To effectively clean the entire inner surface of the tube, the positions of the standing wave maxima and minima with respect to the tube must be moved. This is accomplished, preferably, by changing the distance between the sound reflector and sound generator, which would change the resonant frequency and the interior points at which cavitation effects are greatest, while varying the frequency of the generated wave so that the standing wave is maintained but the positions of the maxima and minima are moved. For most effective cleaning, the distance is changed several times, so that at the differing resonant frequencies cavitation--and cleaning action--is maximized at essentially every location along the inner surface of the tube.

Optimum cleaning parameters are determined on an empirical basis for each application. For example, where a number of similarly-treated tubes must be cleaned, similar types and quantities of foreign material are expected to be found on the surfaces of all the tubes. The appropriate operating limits, including distance and frequency ranges, duration, and power levels, are determined for one of the tubes, then implemented for each tube in succession.

The cleaning fluid used with this apparatus may be water or some other convenient solvent such as OAKITE NSS, produced by Oakite Products, Inc. OAKITE NSS is a blend of surfactants, inorganic alkaline salts and coupling agents; this blend is silicate-free, biodegradable, non-hazardous and non-ozone depleting and has excellent material compatibility characteristics.
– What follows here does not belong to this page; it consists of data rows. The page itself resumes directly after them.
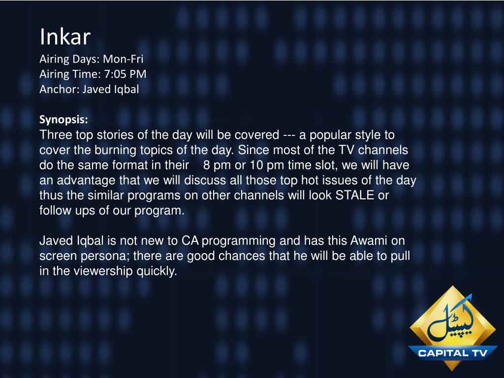 Inkar Airing Days: Mon-Fri Airing Time: 7:05 PM Anchor: Javed Iqbal Synopsis: Three top stories of the day will be covered --- a popular style to cover the burning topics of the day. Since most of the TV channels do the same format in their 8 pm or 10 pm time slot, we will have an advantage that we will discuss all those top hot issues of the day thus the similar programs on other channels will look STALE or follow ups of our program. Javed Iqbal is not new to CA programming and has this Awami on screen persona; there are good chances that he will be able to pull in the viewership quickly. .
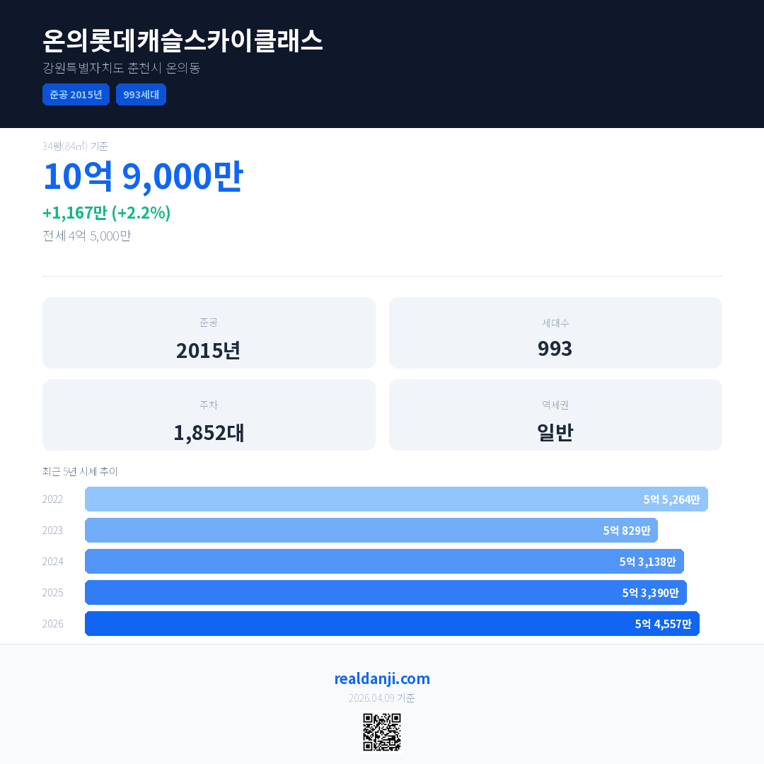 온의롯데캐슬스카이클래스 국민평형 기준 2026년 평균 거래가는 5억 4,557만으로, 전년 대비 2.2% 상승 했습니다.
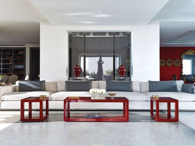 وخلف المقعد زهريتان باللون الأحمر وضعتا على طاولتين مستطيلتين من الزجاج، وخلفهما ستار شفّاف يفصل بين الصالونات. ويقول المهندس: «استخدمت هذا النوع من الستائر للفصل بين الجلسات بطريقة تضفي خصوصية على كلّ ركن وتحفظ الشفافية في آن معاً. كما انسدل القماش الشفاف كستائر على الواجهات الزجاج الكثيرة في الشقة، ليدخل منها أكبر كمّ من الضوء» .
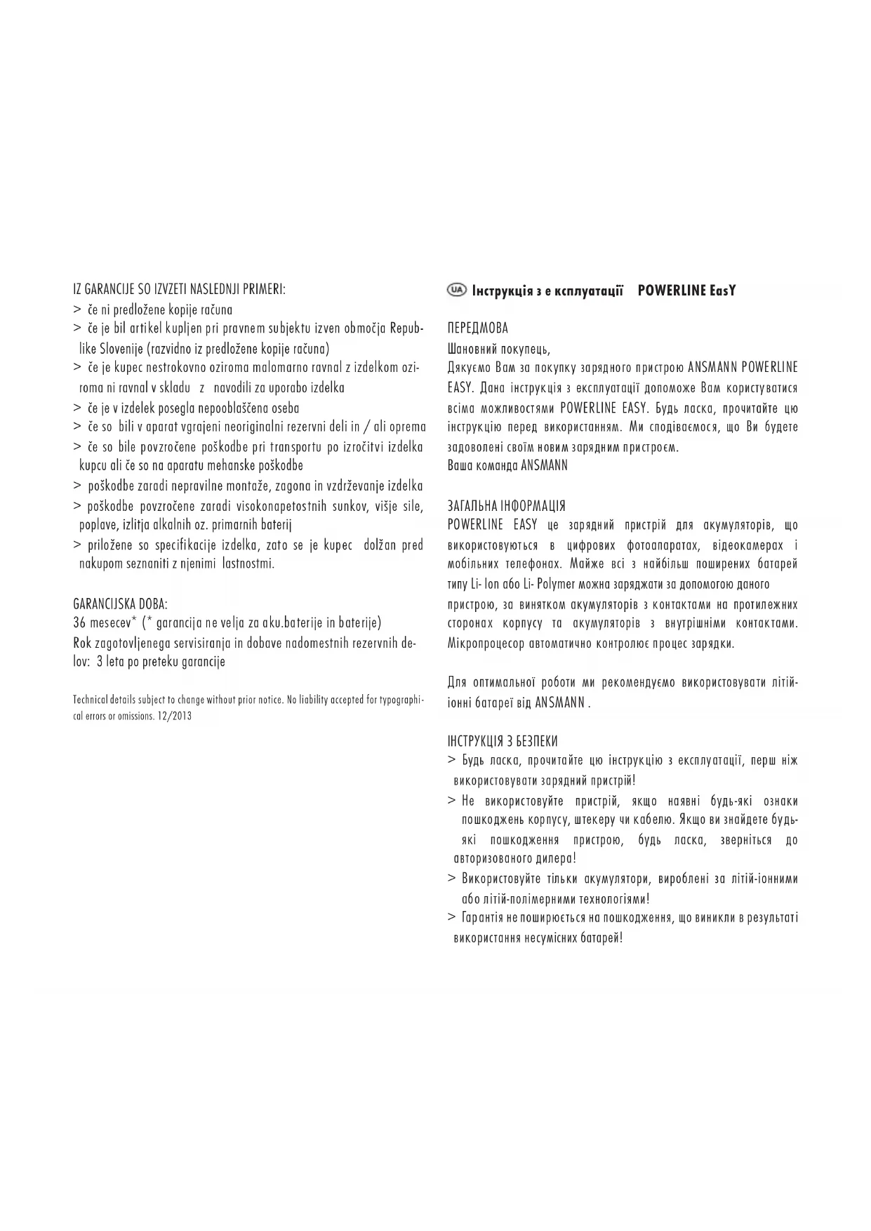 Ми пропонуємо 3-річну гарантію на цей зарядний пристрій, яка не поширюється на пошкодження, викликані: низькою якістю батарей, недотримання інструкції з експлуатації або фізичного пошкодження через неналежне використання. Технічні дані можуть бути змінені без попереднього повідомлення. Ніяка відповідальність за друкарські помилки або упущення не приймається. 12 /2013Notizen / NotesANSMANN AG . Industriestraße 10 . D-97959 Assamstadt . Germany Hotline: + 49 (0) 6294/4204 3400 . E-Mail: hotline@ansmann.de . www.ansmann.de

In contrast to other ultrasonic cleaning systems, the ultrasonic standing waves produced by the sound generator of the present invention induce cavitation effects in the interior of the tube, significantly enhancing the intrinsic cleaning ability of the fluid. This apparatus is therefore especially suitable for use with aqueous, biodegradable solvents.

The present invention can be used in a fixed location, or, since the generator and reflector, together with the tube, form a closed system, the invention can be applied in the field as a portable system for tubes that cannot readily be transported to a central facility. If convenient, an array of sound reflectors and matching sound generators, can be set up to treat an array of tubes at the same time.

An important feature of the present invention is the sound generator. The generator is preferably an ultrasonic horn or similar apparatus which is capable of providing sound in the appropriate frequency range (about 20 kHz-100 kHz) and sufficient power output (about 10 watts--5,000 watts, preferably about 10-500 watts).

Another feature of the present invention is the sound reflector. The standing wave pattern set up by the reflector ensures that the ultrasonic energy produced by the generator is distributed uniformly along the length of the tube, resulting in more uniform cleaning of the interior. The reflector is formed of any convenient sound-reflecting material, such as a metal plate. The surface of the reflector may be curved to facilitate setting up a standing wave pattern within the tube by focussing the reflected sound waves.

Still another feature of the present invention is the couplings, which couple the sound reflector and sound generator to their respective ends of the tube. Standard couplings can be used. For example, a coupling may consist of a leak-proof sleeve or jacket with one closed end and one open end, slidable over an end of the tube. The coupling is sealed to the tube to prevent leakage of fluid. Nonstandard couplings may also be used that incorporate an acoustic lens to control the divergence of sound waves

A further feature of the present invention is the actuators, which provide for incremental linear positioning of the sound reflector, sound generator, or both. An actuator may be, for example, a linear stepper motor that allows for controlled, incremental movement in 0.001 inch (2.5410-3 cm) steps over a distance of a few inches.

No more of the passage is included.